No but I had a doorman at a hotel the other day rudely bang on my window and indicate that I needed to slide my seat forward to make more room for the pax. I'm like, dude, mind your own business. I check with each and every passenger about whether they've got enough space and will slide forward if they ask, but otherwise, I'm gonna drive in the position I'm most comfortable in.

As for your question, I don't see how that would work. The app assigns trips to drivers based on distance and certain other mysterious factors no one here is ever able to explain with any certainty. I don't see how a doorman, tipped or not, could play any role in directing higher fare passengers to a particular rideshare passenger,

Maybe to a taxi driver, and that's probably a longstanding practice in places, but I don't see how it would work for rideshare.


----------



## Lee239 (Mar 24, 2017)

adamrobbins2018 said:


> I was listening to a podcast the other day about a driver that would tip doormen to get larger fare passengers. I wondered if that would work in a major city? You probably don't need to if you're working off the app wth enough business, but shouldn't the app be a way to grow repeat business and fill down time?


That only works for Taxis it will never work for an app. and do you really think Uber drivers make enough to be able to tip a doorman?



SoFlaDriver said:


> No but I had a doorman at a hotel the other day rudely bang on my window and indicate that I needed to slide my seat forward to make more room for the pax. I'm like, dude, mind your own business. I check with each and every passenger about whether they've got enough space and will slide forward if they ask, but otherwise, I'm gonna drive in the position I'm most comfortable in.
> 
> .


I would ask the doorman to apologize or call his supervisor out and then follow up with the hotel manager and then send it to the home office if it's a chain hotel. How is a guy making $8 an hour gonna push around and Uber driver working for free?


----------



## SoFlaDriver (Aug 11, 2018)

Lee239 said:


> That only works for Taxis it will never work for an app. and do you really think Uber drivers make enough to be able to tip a doorman?
> 
> I would ask the doorman to apologize or call his supervisor out and then follow up with the hotel manager and then send it to the home office if it's a chain hotel. How is a guy making $8 an hour gonna push around and Uber driver working for free?

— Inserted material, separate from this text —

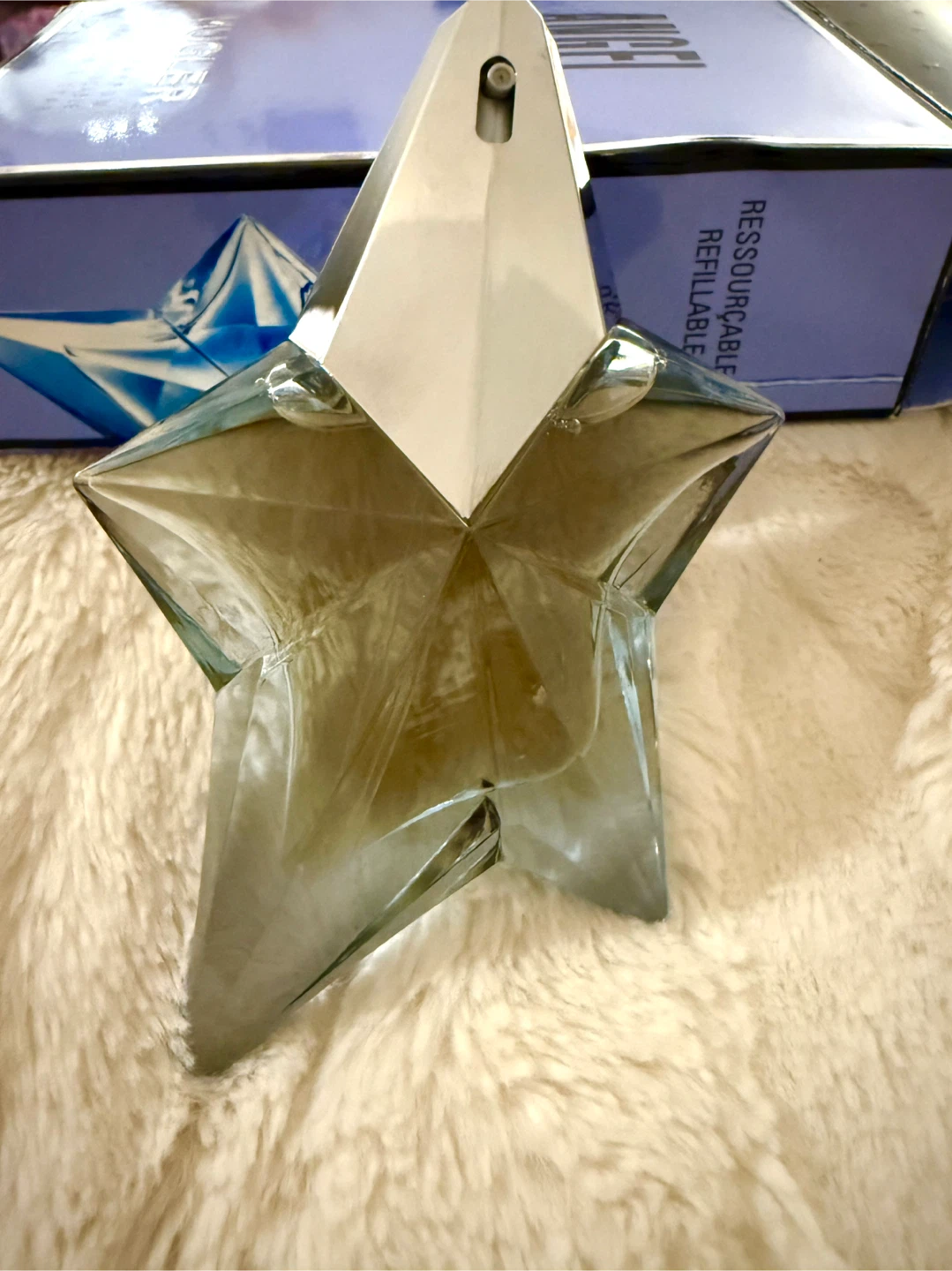 Selling this brand new Angel Eau de Parfum. It's a refillable star, and the bottle contains 25ml / 0.8 fl oz of the fragrance. Comes with the original box!

Thanks for the snark. Feel better now?


----------



## Lee239 (Mar 24, 2017)

SoFlaDriver said:


> Thanks for the snark. Feel better now?


I feel great. I guess you are not used to hearing the truth so you find it snarky.


----------



## tohunt4me (Nov 23, 2015)

adamrobbins2018 said:


> I was listening to a podcast the other day about a driver that would tip doormen to get larger fare passengers. I wondered if that would work in a major city? You probably don't need to if you're working off the app wth enough business, but shouldn't the app be a way to grow repeat business and fill down time?


It works for taxi.
Not uber.
Uber assigns rides.

I have seen a doorman desperately looking for a taxi at a 5 star hotel in New Orleans. Could See he wanted to street hail me, as i pick up there often ( They have Very Limited area for drivers to wait)

Uber system does not coordinate with doormen.

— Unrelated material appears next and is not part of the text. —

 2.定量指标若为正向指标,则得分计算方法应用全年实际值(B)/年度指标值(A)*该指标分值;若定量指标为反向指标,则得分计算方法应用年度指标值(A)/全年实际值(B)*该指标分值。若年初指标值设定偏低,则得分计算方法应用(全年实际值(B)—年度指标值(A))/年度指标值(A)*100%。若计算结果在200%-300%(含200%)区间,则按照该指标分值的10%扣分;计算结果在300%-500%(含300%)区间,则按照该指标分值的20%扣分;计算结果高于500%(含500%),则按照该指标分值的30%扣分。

Now . . .there is a woman whos daughter works at a hotel. She is allowed door front parking. While she sits in lobby drinking coffee. Always closest to a ping.


----------



## UberBeemer (Oct 23, 2015)

It is best to be cordial with them. I used to work in the building that the Club Quarters hotel is in, and have seen their doormen tell customers not to take Uber or Lyft, and usher them into taxicabs on at least three occasions.


----------



## Lee239 (Mar 24, 2017)

UberBeemer said:


> It is best to be cordial with them. I used to work in the building that the Club Quarters hotel is in, and have seen their doormen tell customers not to take Uber or Lyft, and usher them into taxicabs on at least three occasions.

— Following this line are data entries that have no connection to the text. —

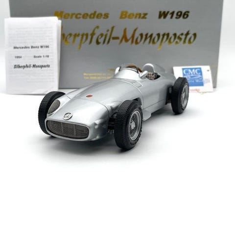 Mercedes-Benz W154-model, sølvfarvet støbt metal, startnummer 24 (1938), god stand, i originalemballage. Klik på den blå "gå til varen" knap, for at købe eller byde på denne vare. Den samlede pris vil blive vist inden du afgiver dit bud.
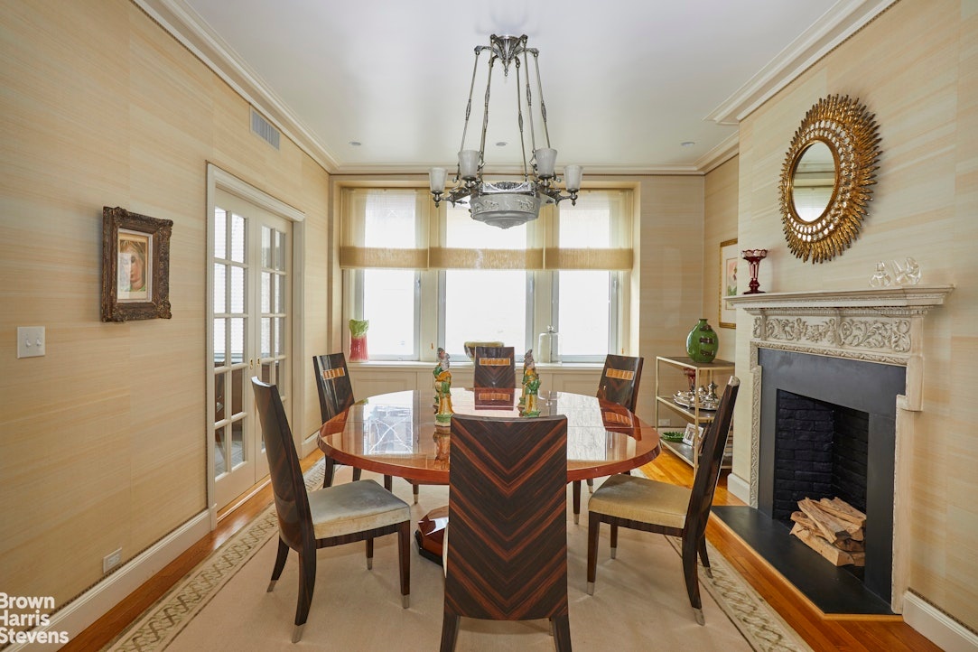 The home's organic flow continues into a grand formal dining room, distinguished by its own unique decorative fireplace-perfect for both intimate dinners and larger gatherings.
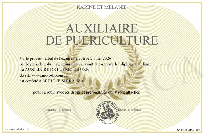 Envoyez par email votre AUXILIAIRE DE PUERICULTURE personalisé
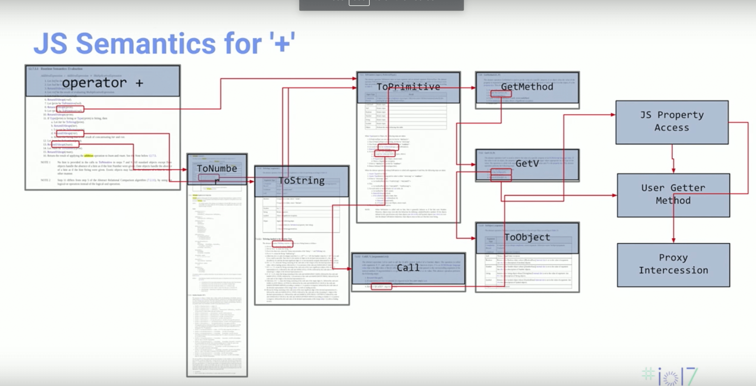 对于上述给出的这段简短的 JS 代码,引擎在遇到加号 “+” 运算符时,并不是直接将两个变量的值相加。由于我们在程序运行前无法判断加号运算符两侧传入变量值的实际类型,因此也就无法判断是应该将两个变量的值当作数值(整型、浮点型)相加还是应该当作字符串进行拼接,甚至是当作对象来进行处理。JS 引擎会根据 ECMAScript 的标准来对加号运算符进行一系列判断才能够得到最后的运算结果。对应加号运算符的 ECMAScript 标准如下图所示(图片来自 Google IO 2017):

Because they are being paid off to say that.


----------



## jgiun1 (Oct 16, 2017)

Unless they are going to airport in the early morning hour's, could care less about hotels... I let them time out at night on Friday and Saturday....usually short dumpy rides going out and back. 

It wouldn't pay to tip a doorman with lyft and uber....honestly, those taxis sit there all week and in rideshare, you might pick up there and never see the same hotel ping for a month.


----------



## tohunt4me (Nov 23, 2015)

UberBeemer said:


> It is best to be cordial with them. I used to work in the building that the Club Quarters hotel is in, and have seen their doormen tell customers not to take Uber or Lyft, and usher them into taxicabs on at least three occasions.


Many of my Passengers have told me they have heard doormen say Uber is unavailable.
Uber is Unsafe.
Do all that they can to Discourage uber use .
One doorman counts his roll of cash publicly in front of double taxi row.
Subtle Hint of the need for Wheel Grease.

They will also call in meter maids to write tickets.

The Airport Shuttle busses solicit Uber passengers waiting by offering cheaper rides for cash if they pay now and leave now.
Lot of Hustle going on.

Uber System allows us no edge.

You must really know your game to compete.

Then Uber will change the rules with no warning or consent.


----------



## Norm22 (Feb 10, 2018)

60% of my airport rides come from hotels. I have tipped before when they load all the luggage or unload at lightning speed. No pax ever tip them on arrival, just departure, that being said I know several of them as many pilots stay in local hotels too. I am there a lot so it has happened maybe three times. The super high end ones are pretty good. Hell our holiday inn express has staff out front.


----------



## Over/Uber (Jan 2, 2017)

Since that doorman is making twice what I make and should be tipped by patrons, hell nope


----------



## oldfart (Dec 22, 2017)

Lee239 said:


> Because they are being paid off to say that.


Paid off = tipping

Re-read the original post. He is using Uber to just keep busy while he is waiting to be called by a cash customer

Hand the doorman your card wrapped in a $10 bill and say " there's another $10 for every airport ride you send my way


----------



## TDR (Oct 15, 2017)

adamrobbins2018 said:


> I was listening to a podcast the other day about a driver that would tip doormen to get larger fare passengers. I wondered if that would work in a major city? You probably don't need to if you're working off the app wth enough business, but shouldn't the app be a way to grow repeat business and fill down time?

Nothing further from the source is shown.